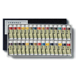 セット内容:チューブ絵具24色、膠液、鉄鉢金・銀、チューブ入胡粉#6、明礬、彩色筆、平筆、面相筆、絵皿2枚、色紙、化粧箱入 |
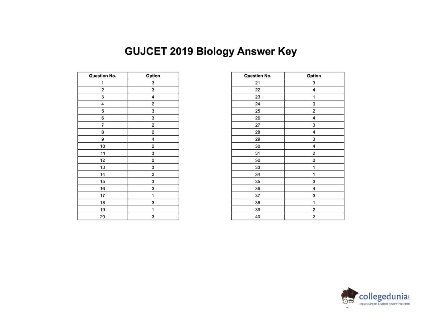 | GUJCET 2019 Biology Question Paper PDF | GUJCET 2019 Biology Answer Key PDF |
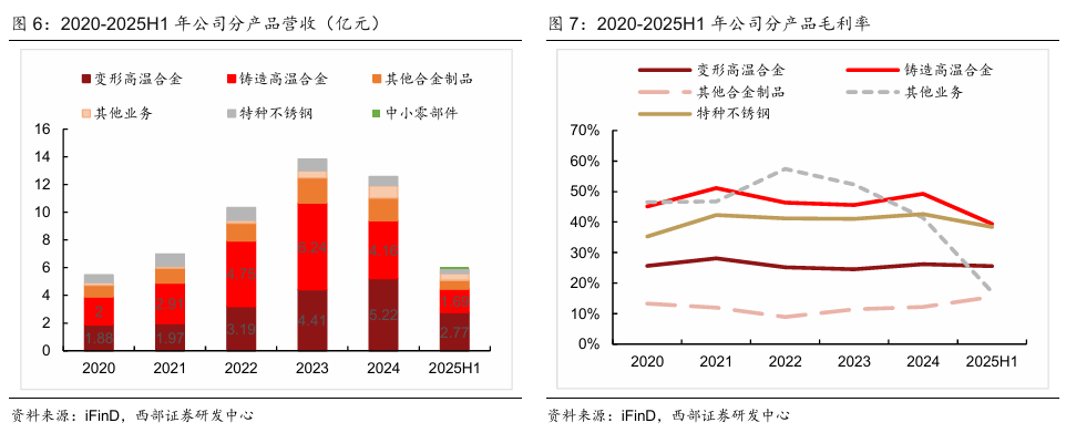 铸造高温合金、变形高温合金为公司主要收入利润来源。分产品看,2024年变形高温合金、铸造高温合金、其他合金制品、其他业务、特种不锈钢分别实现营收5.22/4.16/1.64/0.89/0.66亿元,分别占公司营业收入的41.49%/33.11%/13.07%/7.09%/5.24%。毛利率方面,2024年变形高温合金、铸造高温合金、其他合金制品、其他业务、特种不锈钢毛利率分别为26.16%/49.29%/12.16%/41.42%/42.61%。其中,变形高温合金、铸造高温合金产品为公司贡献了大部分毛利,2024年分别实现毛利1.37/2.05亿元,毛利占比31.99%/48.09%。
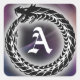 Ouroboros symbolique noir - le dragon mordant sa propre queue - représentant le passage des saisons, le renouveau et la renaissance. Le dragon est représenté sur un arrière - plan mystique violet et bleu et a une lueur magique blanche. Comprend une lettre monogramme personnalisable dans le style gothique Vieille police anglaise au centre.
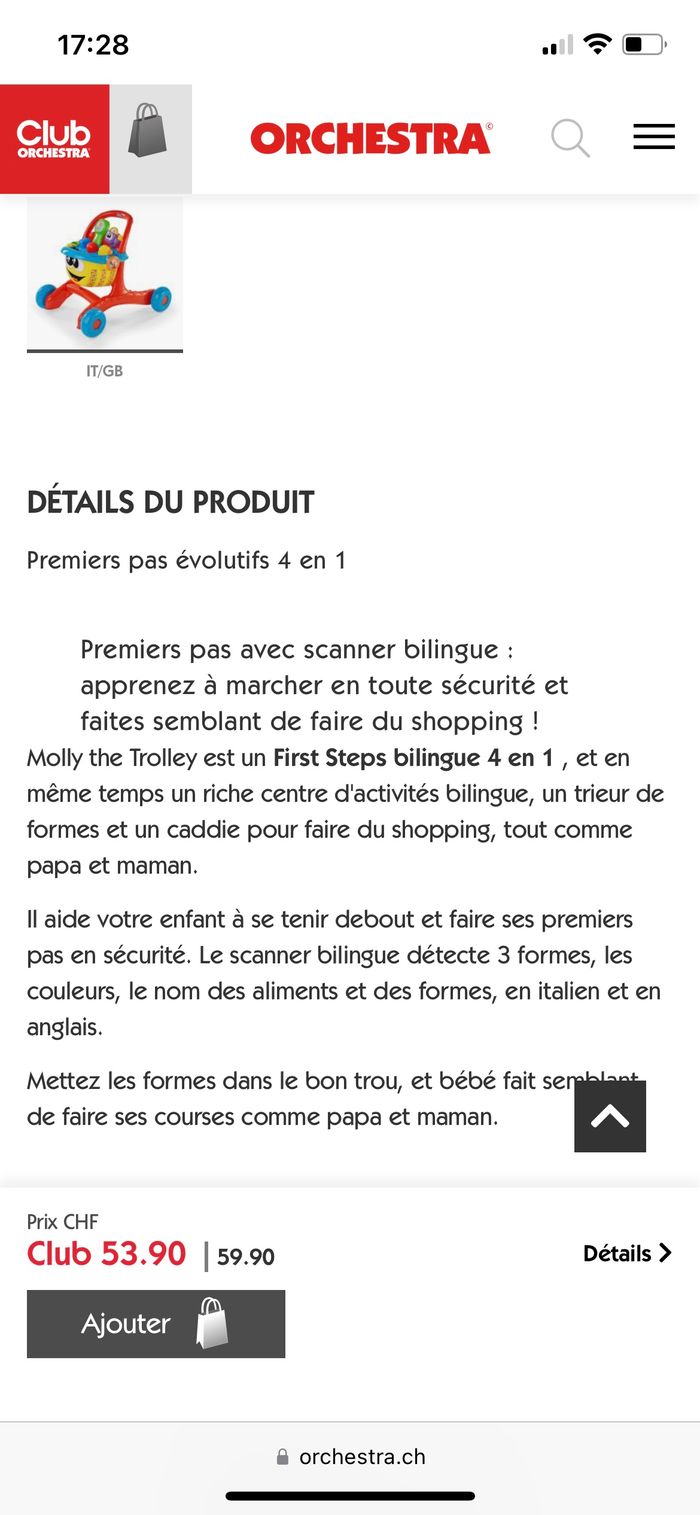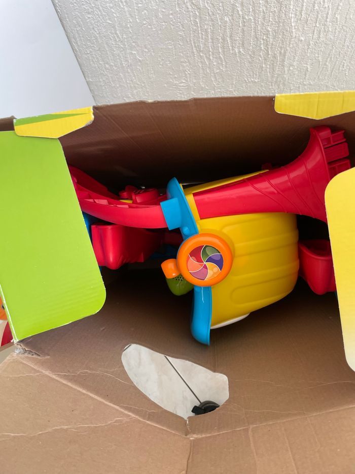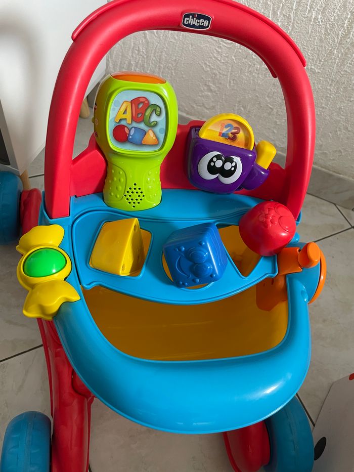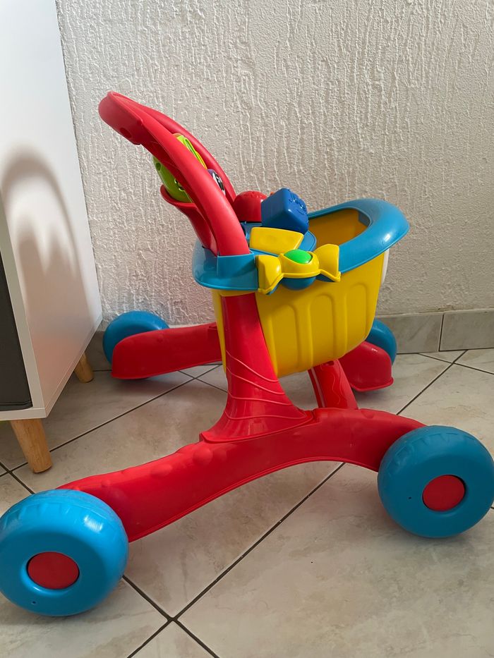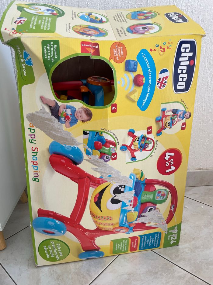 Happy Shopping est un jouet 4 en 1 : aide à la marche, jouet parlant bilingue, centre d'activités manuelles et jeu d'imitation ! À prévoir de changer les piles et il n’y a pas les autocollants comme vous pouvez le voir sur la photo sinon excellent état car pas trop utilisé ACHETÉ À 53,90€ à orchestra vend 30 euoros (boite d’origine un peu abîmé mais je l’ai acheté comme ça car c’était le dernier) Prêt à l’envoie , pas entièrement démonter pour faciliter le montage

■ ■ ■ ■ ■

Assigned task
Your task is to repeat exactly the lines from the beginning of the data to the line that contains "Ouroboros symbolique noir", both ends included, leaving out pictures.

The completed task
 セット内容:チューブ絵具24色、膠液、鉄鉢金・銀、チューブ入胡粉#6、明礬、彩色筆、平筆、面相筆、絵皿2枚、色紙、化粧箱入 |
 | GUJCET 2019 Biology Question Paper PDF | GUJCET 2019 Biology Answer Key PDF |
 铸造高温合金、变形高温合金为公司主要收入利润来源。分产品看,2024年变形高温合金、铸造高温合金、其他合金制品、其他业务、特种不锈钢分别实现营收5.22/4.16/1.64/0.89/0.66亿元,分别占公司营业收入的41.49%/33.11%/13.07%/7.09%/5.24%。毛利率方面,2024年变形高温合金、铸造高温合金、其他合金制品、其他业务、特种不锈钢毛利率分别为26.16%/49.29%/12.16%/41.42%/42.61%。其中,变形高温合金、铸造高温合金产品为公司贡献了大部分毛利,2024年分别实现毛利1.37/2.05亿元,毛利占比31.99%/48.09%。
 Ouroboros symbolique noir - le dragon mordant sa propre queue - représentant le passage des saisons, le renouveau et la renaissance. Le dragon est représenté sur un arrière - plan mystique violet et bleu et a une lueur magique blanche. Comprend une lettre monogramme personnalisable dans le style gothique Vieille police anglaise au centre.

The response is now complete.